Lors de notre précédente publication sur l’inflation, nous avions défini l’inflation et montré comment elle est mesurée en République de Guinée. Dans cette seconde partie, nous allons traiter des causes et conséquences de l’inflation.

Quelles sont les causes de l’inflation ?

Les causes de l’inflation sont multiples et variées. Elle peut venir :

  • D’une hausse excessive de la quantité de monnaies : On parlera dans ce cas d’inflation monétaire. Cette forme d’inflation est due à l’augmentation de la masse monétaire (billets, pièces, dépôts à vue, bons du trésor…) par la Banque Centrale qui émet des billets de banques. Par l’octroi des crédits, les banques commerciales participent également à cette forme d’inflation. Le mécanisme est simple, les agents bénéficiaires des crédits ou de la monnaie supplémentaire mise en circulation voudront utiliser ces ressources supplémentaires pour consommer. Or si la demande augmente sans que l’offre ne puisse avoir le temps de s’ajuster (c’est le cas à court terme [1]), cela conduit à l’inflation. En effet, puisque les producteurs n’ont pas pu augmenter la production car elle met du temps à s’ajuster à la hausse, ils vont augmenter les prix de manière ramener au même niveau l’offre et la demande : on a donc une inflation qui a pour origine la masse monétaire.

Ce type d’inflation est souvent lié à la mauvaise gestion de l’Etat qui recourt souvent à la technique de la « planche à billets » afin de réduire le montant de la dette publique à rembourser.

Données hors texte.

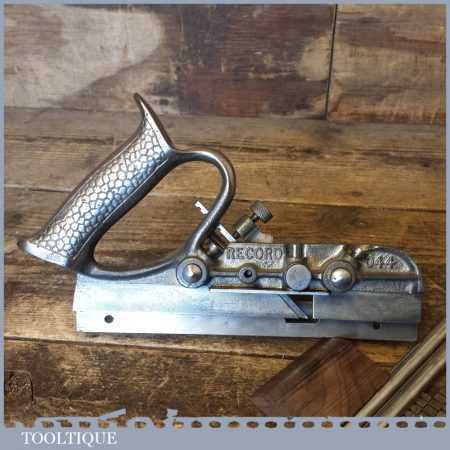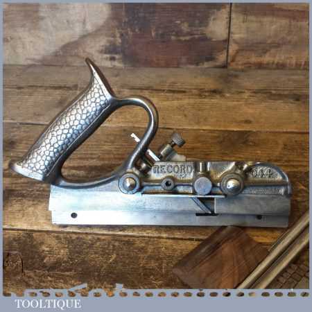 Vintage Record No: 044 plough plane complete with 6 cutters, fully refurbished and ready for use. The plane is in good condition and all components move smoothly. Note: We do not sharpen the irons.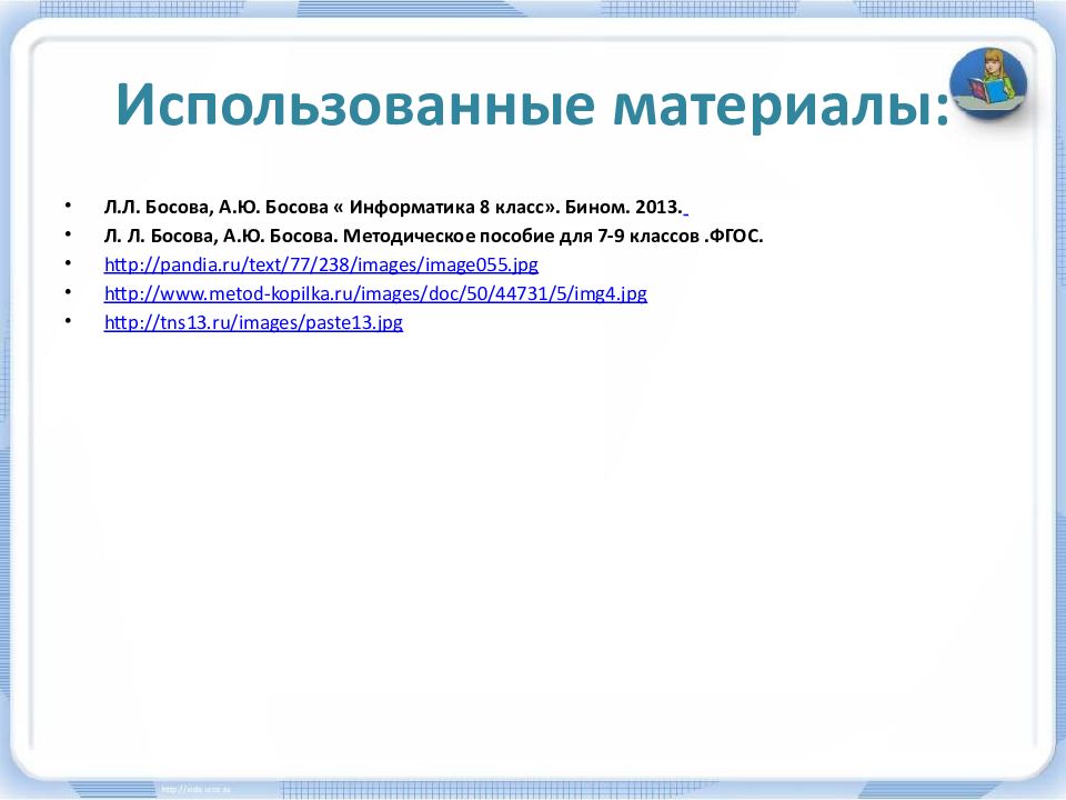 Л.Л. Босова, А.Ю. Босова « Информатика 8 класс». Бином. 2013. Л. Л. Босова, А.Ю. Босова. Методическое пособие для 7-9 классов.ФГОС. http://pandia.ru/text/77/238/images/image055.jpg http://www.metod-kopilka.ru/images/doc/50/44731/5/img4.jpg http://tns13.ru/images/paste13.jpg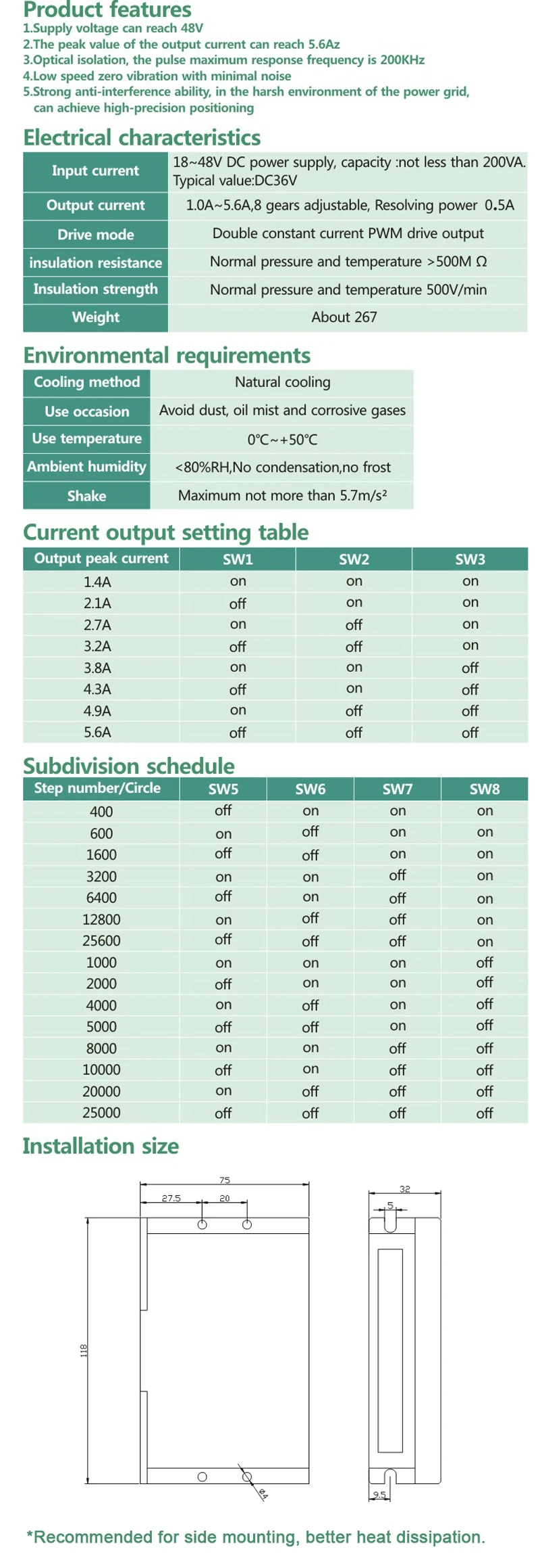 Custom Stepper motor driver DM556 2 phase 42/57 Stepping Motor Controller 24V-50V NEMA23 NEMA34 Manufacturer
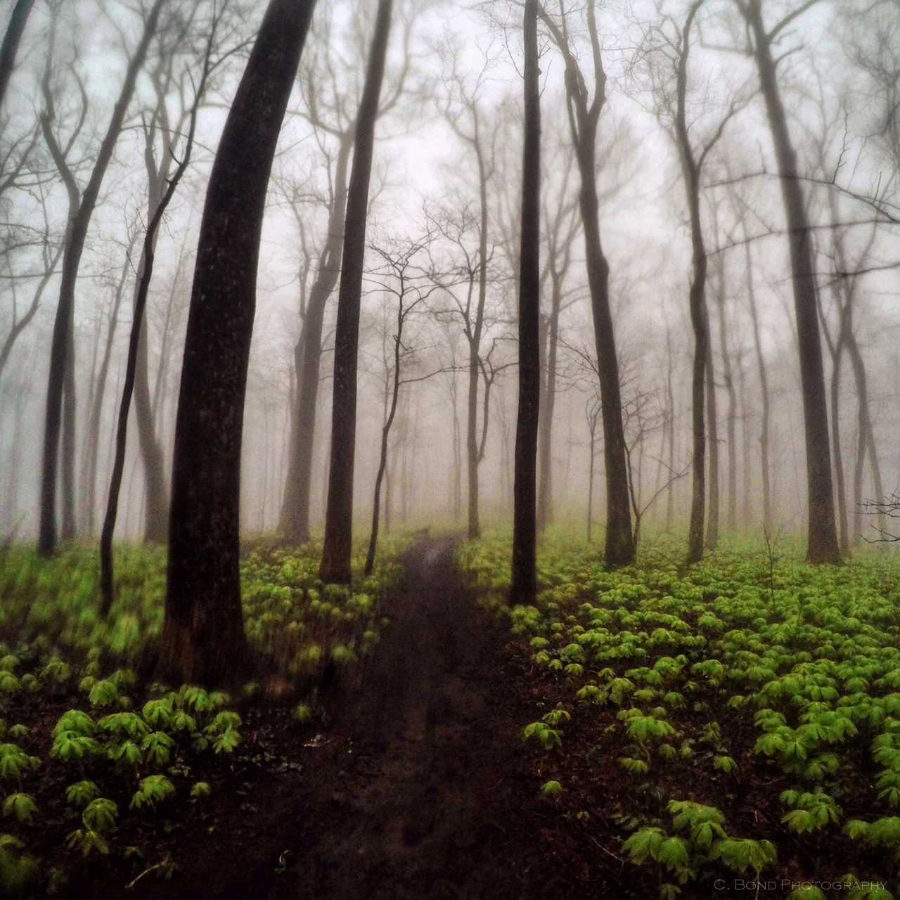 I held off putting on my headlamp for as long as possible, until around 8:30 I had to break the seal. My visibility immediately went from a foggy 30 yards, to white out conditions, allowing me to see only a few feet ahead.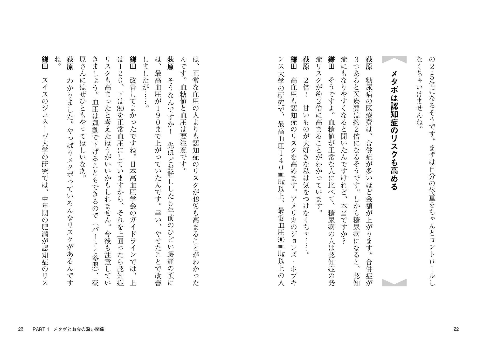 卵は1日1個まで、1日1万歩はウォーキングする必要がある、70代以上でも太りすぎはいけない。これまで常識だと思われていたことも最新の研究では変わっています。例えば卵は1日3個食べてもいい、1日1万歩の必要はないなど。こんな最新の知識も対談の中にたっぷり入っています。
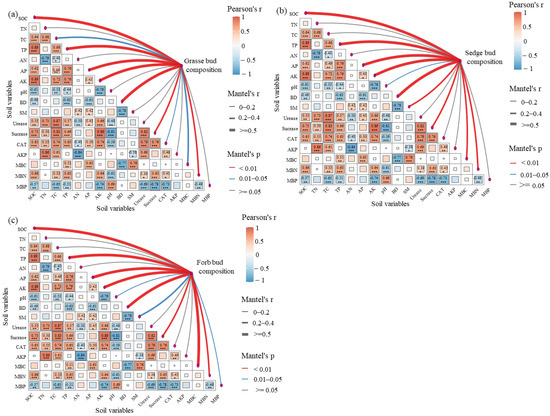 Mantel tests revealed significant and functionally differentiated positive correlations between belowground bud composition and soil variables across the three functional groups (Figure 3). For grasses, belowground bud composition showed highly significant positive correlations with SOC, TP, AP, AK, BD, Sucrase, and MBN (p < 0.01), together with significant positive correlations with TC, CAT, and MBC (0.01 ≤ p < 0.05; Figure 3a). In sedges, belowground bud composition exhibited highly significant positive correlations with SOC, TP, AP, AK, BD, Sucrase, MBN, and MBC (p < 0.01), as well as a significant positive correlation with pH (0.01 ≤ p < 0.05; Figure 3b). Forbs were primarily driven by SOC, TP, AP, AK, BD, Sucrase, MBN, and MBC (p < 0.01), while pH, SM, and MBP also showed significant positive correlations (0.01 ≤ p < 0.05; Figure 3c).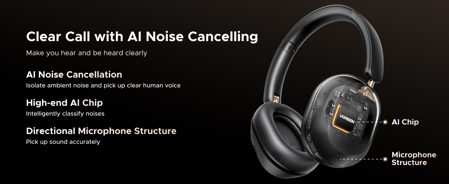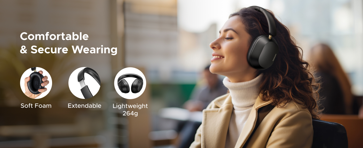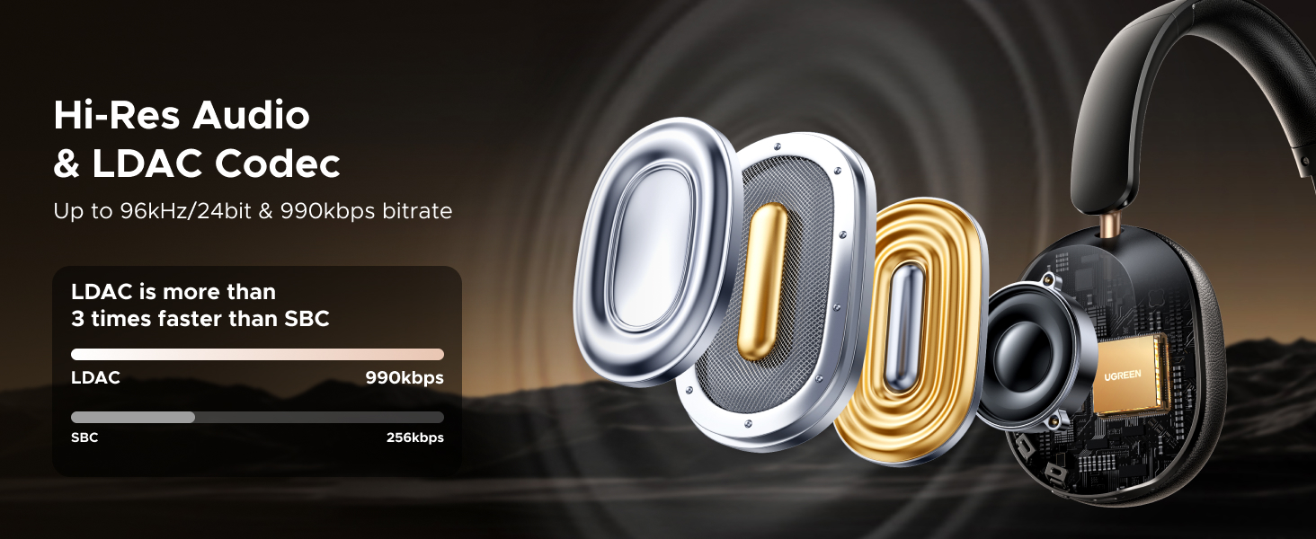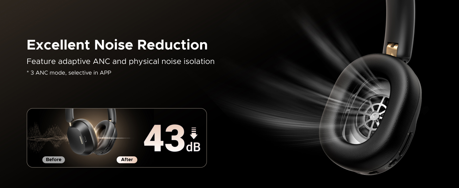 USB C Wired Audio & Charging: UGREEN Over-ear Bluetooth Headphones features a USB-C port for fast charging and audio input. Use the included USB C to USB C cable to connect this wireless earphones to a phone/tablet/laptop for charging or wired audio connection. The USB-C port also supports Hi-Res audio. Designed with physical buttons for intuitive control of playback, volume, ANC modes.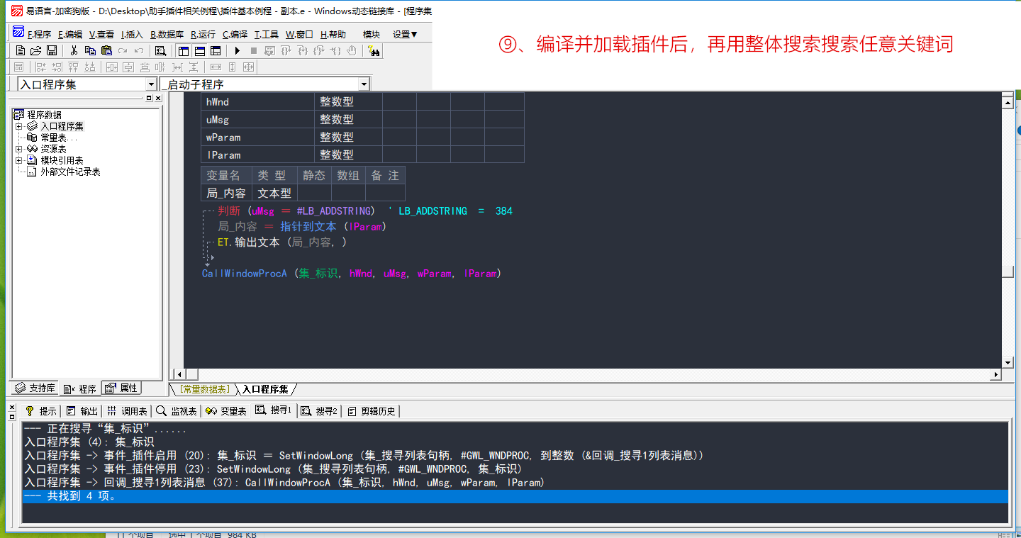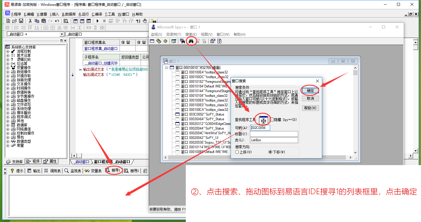 在开发易语言助手插件有关窗口操作的时候,此工具是必备品!前面的接口文档中有介绍用此工具分析易语言主窗口改变大小的消息,如果是控件消息呢?本文再以易语言状态夹的搜寻1的列表框为例,介绍此工具的使用方法。

Elle est très surveillée par les partenaires techniques et financiers comme le FMI.

  • D’une augmentation des coûts de production. Dans ce cas, on parlera d’inflation par les coûts ou encore d’inflation importée. Elle est liée à l’augmentation du prix des matières premières importées ou des produits finis importés. Prenons l’exemple du pétrole. Le prix de baril a fortement augmenté. Ainsi, les entreprises guinéennes qui utilisent le pétrole comme matière première feront le choix d’augmenter leurs prix puisque leurs coûts ont augmenté. En réalité, elles absorbent une partie et répercute une partie.
  • D’une hausse excessive de la demande. Les économistes parlent dans ce cas d’inflation par la demande. Cette forme l’inflation provient d’un déséquilibre entre l’offre et la demande pour un ou plusieurs produits. En effet, si la demande est supérieure à l’offre, alors les prix augmenteront mécaniquement afin qu’un point d’équilibre soit trouvé. Si l’offre est incapable de répondre à la demande, c’est souvent le cas à court terme, alors la rareté du produit fera que les prix pourront continuer d’augmenter ce qui créera donc de l’inflation.
  • D’une indexation des salaires sur l’inflation. Cette inflation par indexation a beaucoup existé dans les pays occidentaux où les salaires, les pensions étaient indexées sur l’inflation. Elle est quasiment inexistante en Guinée. Toutefois, les syndicalistes réclament régulièrement que les salaires et pensions soient indexés sur l’inflation. Cela permettrait aux salariés de maintenir au moins leur pouvoir d’achat dans la durée. Toutefois, pour l’Etat, un tel choix peu compliquer la gestion de l’inflation. Car à chaque hausse de l’inflation, l’Etat devra augmenter les salaires, augmentation qui accroit les pressions inflationnistes (inflation liée aux couts, voire monétaire).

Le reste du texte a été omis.